• [HOW TO COMPLETE THIS TASK]
The line containing "2回繰り返すあだ名 | 『にしにし』『ににしし』『ぬるぬる』 |" marks the end; write out exactly every line from the start of the data up to and including it, without the pictures.

BEGIN MATERIAL SHOWN

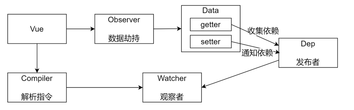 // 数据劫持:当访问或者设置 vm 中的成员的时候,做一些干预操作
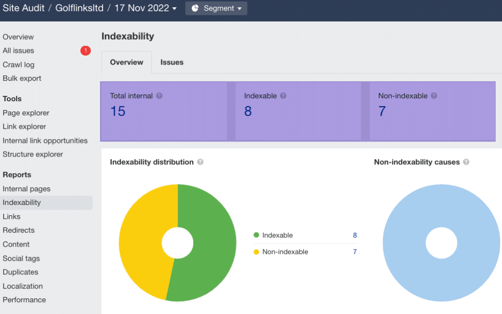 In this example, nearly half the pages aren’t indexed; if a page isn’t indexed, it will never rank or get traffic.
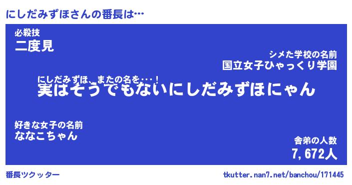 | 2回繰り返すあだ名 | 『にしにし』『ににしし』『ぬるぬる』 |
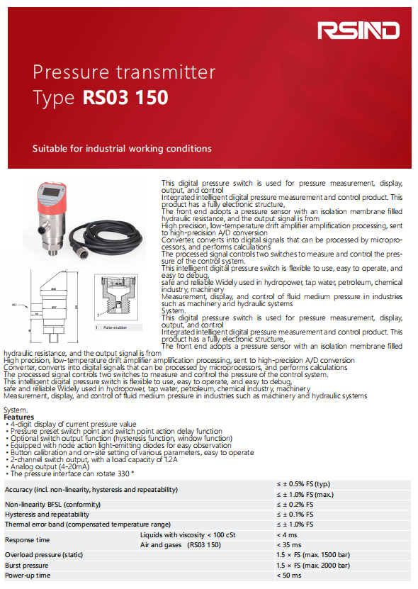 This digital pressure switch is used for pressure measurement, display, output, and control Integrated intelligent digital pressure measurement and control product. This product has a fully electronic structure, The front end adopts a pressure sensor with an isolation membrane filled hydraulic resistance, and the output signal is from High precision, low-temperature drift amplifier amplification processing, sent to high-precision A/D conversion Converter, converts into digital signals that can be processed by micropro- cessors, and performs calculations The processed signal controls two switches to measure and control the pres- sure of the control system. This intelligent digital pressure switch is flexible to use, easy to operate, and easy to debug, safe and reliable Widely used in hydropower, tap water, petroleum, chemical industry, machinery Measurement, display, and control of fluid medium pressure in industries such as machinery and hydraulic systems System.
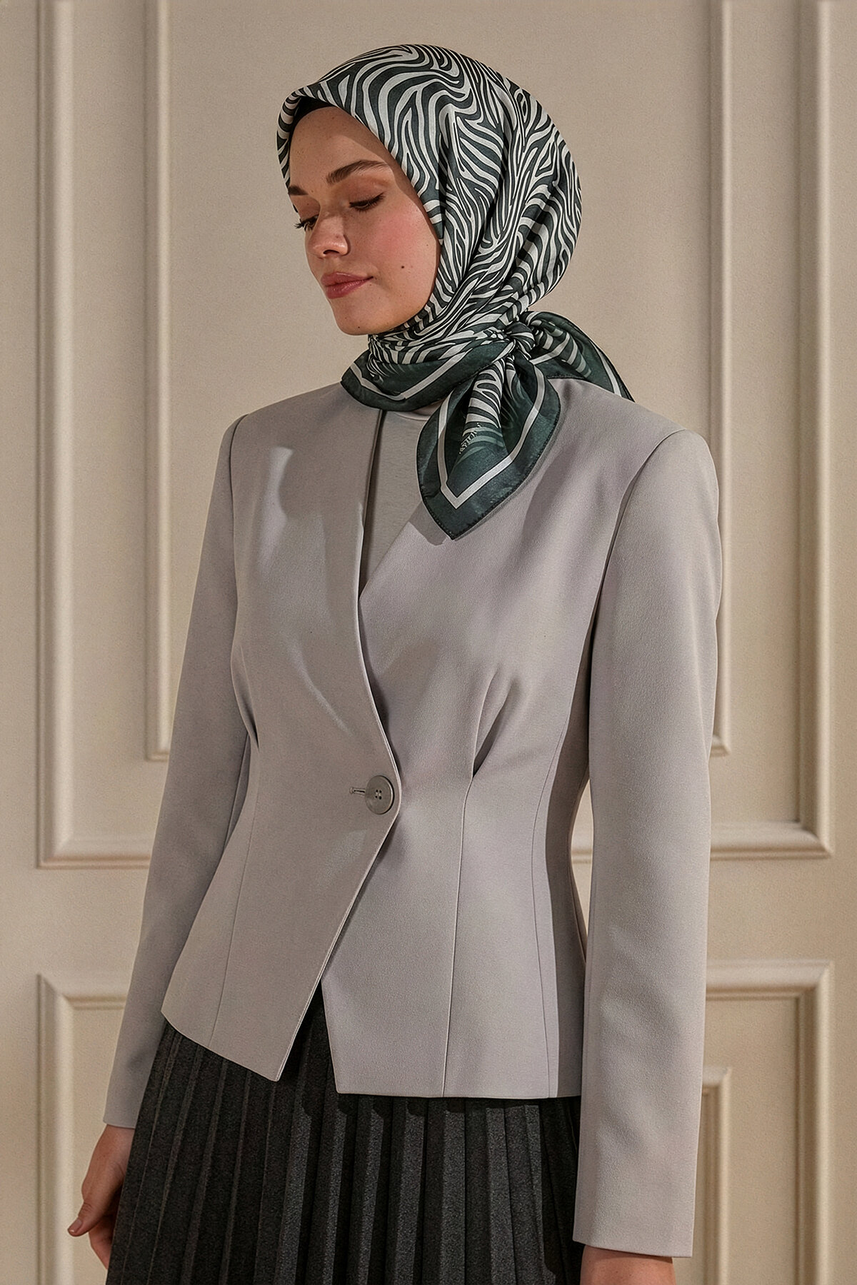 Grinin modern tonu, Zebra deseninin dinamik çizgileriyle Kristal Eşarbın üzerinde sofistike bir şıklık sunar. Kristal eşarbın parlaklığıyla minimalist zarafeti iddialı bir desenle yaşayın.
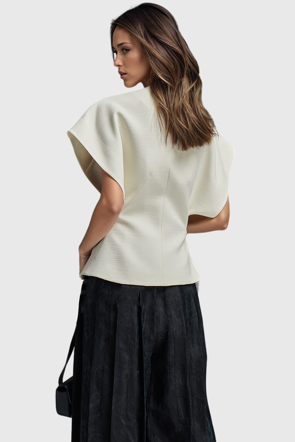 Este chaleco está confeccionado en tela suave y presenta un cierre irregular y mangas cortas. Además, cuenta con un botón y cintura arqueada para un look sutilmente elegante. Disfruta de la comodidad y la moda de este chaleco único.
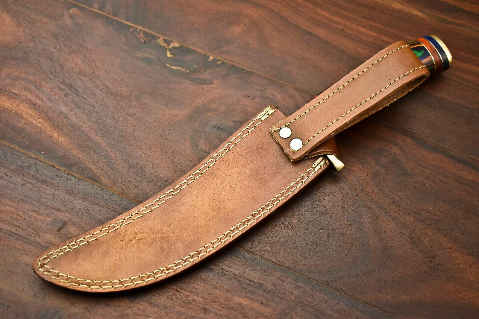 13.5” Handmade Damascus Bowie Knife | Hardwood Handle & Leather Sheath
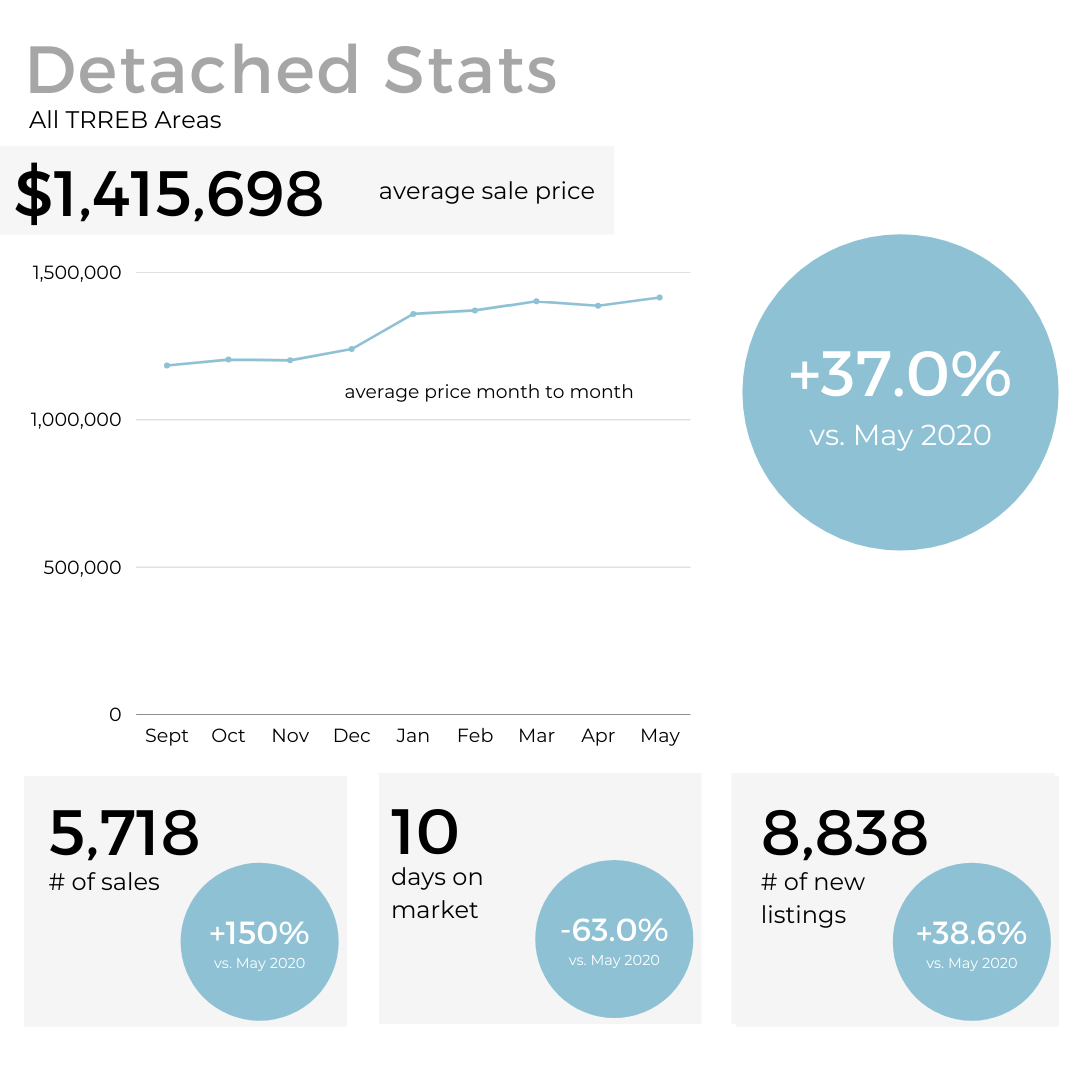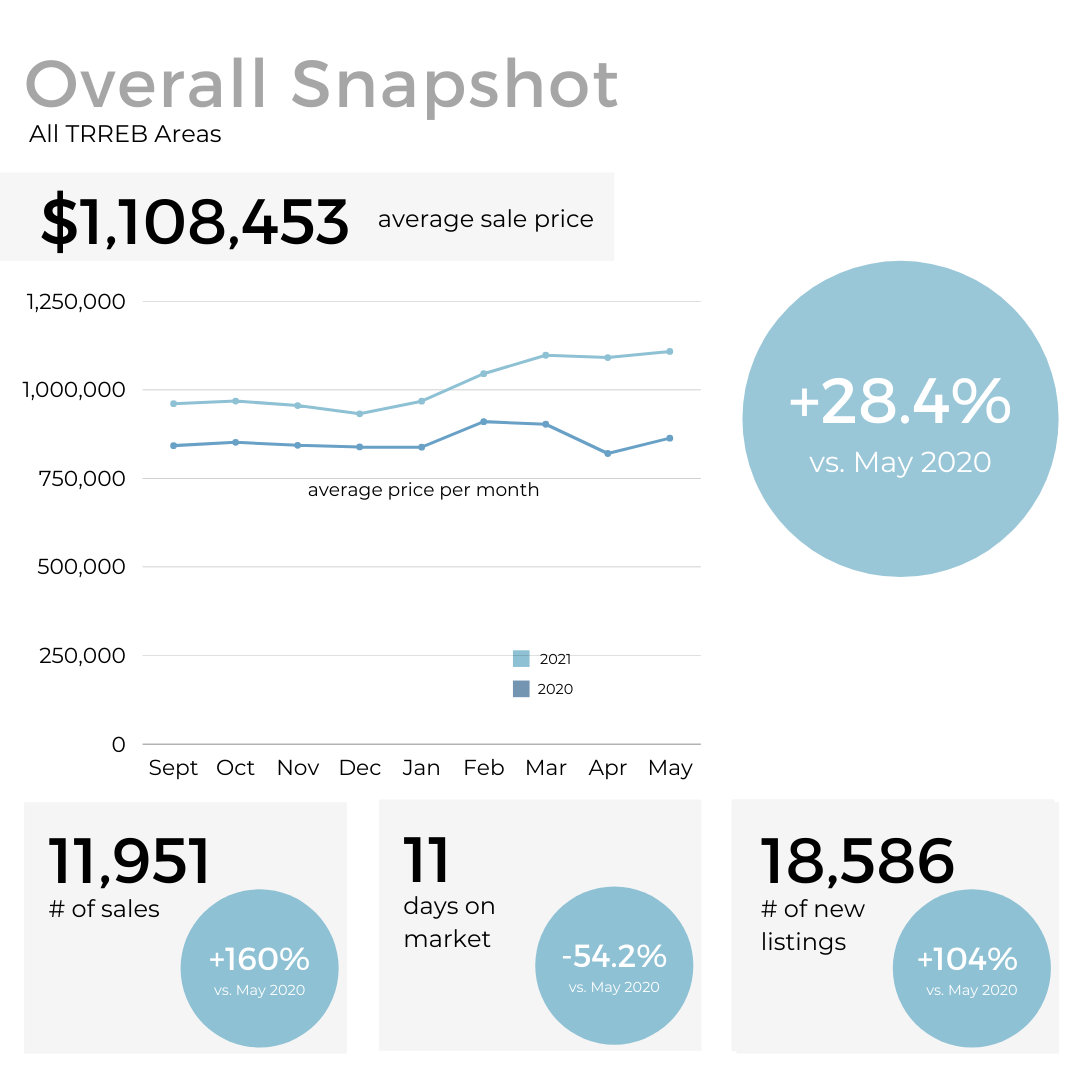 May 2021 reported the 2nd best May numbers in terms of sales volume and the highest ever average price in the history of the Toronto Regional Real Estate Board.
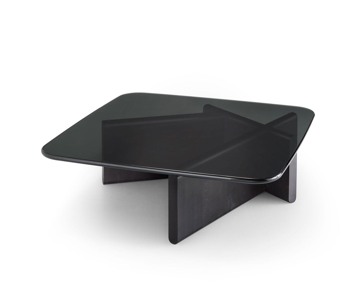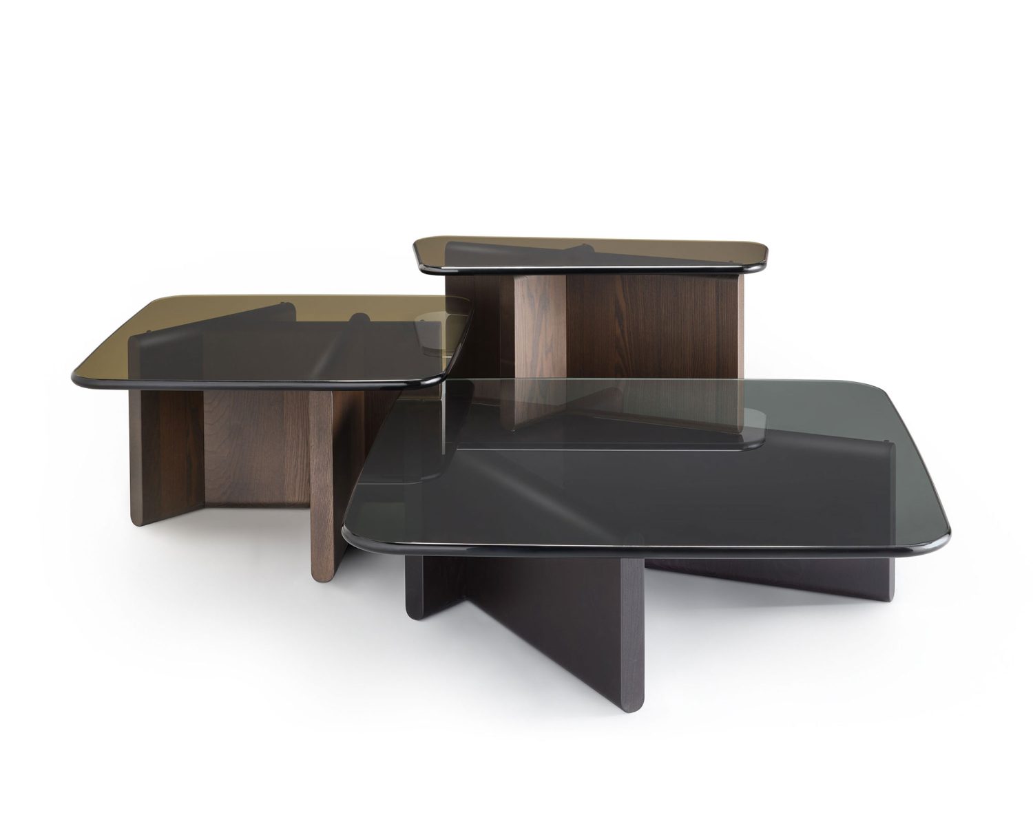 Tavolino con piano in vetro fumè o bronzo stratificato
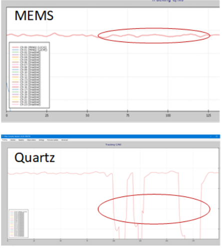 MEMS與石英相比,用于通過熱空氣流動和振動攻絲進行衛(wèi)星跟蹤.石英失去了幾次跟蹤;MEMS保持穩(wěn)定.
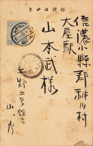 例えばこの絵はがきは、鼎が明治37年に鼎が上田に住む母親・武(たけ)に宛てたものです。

END MATERIAL SHOWN

• [OUTPUT FOR THIS EXERCISE]
 // 数据劫持:当访问或者设置 vm 中的成员的时候,做一些干预操作
 In this example, nearly half the pages aren’t indexed; if a page isn’t indexed, it will never rank or get traffic.
 | 2回繰り返すあだ名 | 『にしにし』『ににしし』『ぬるぬる』 |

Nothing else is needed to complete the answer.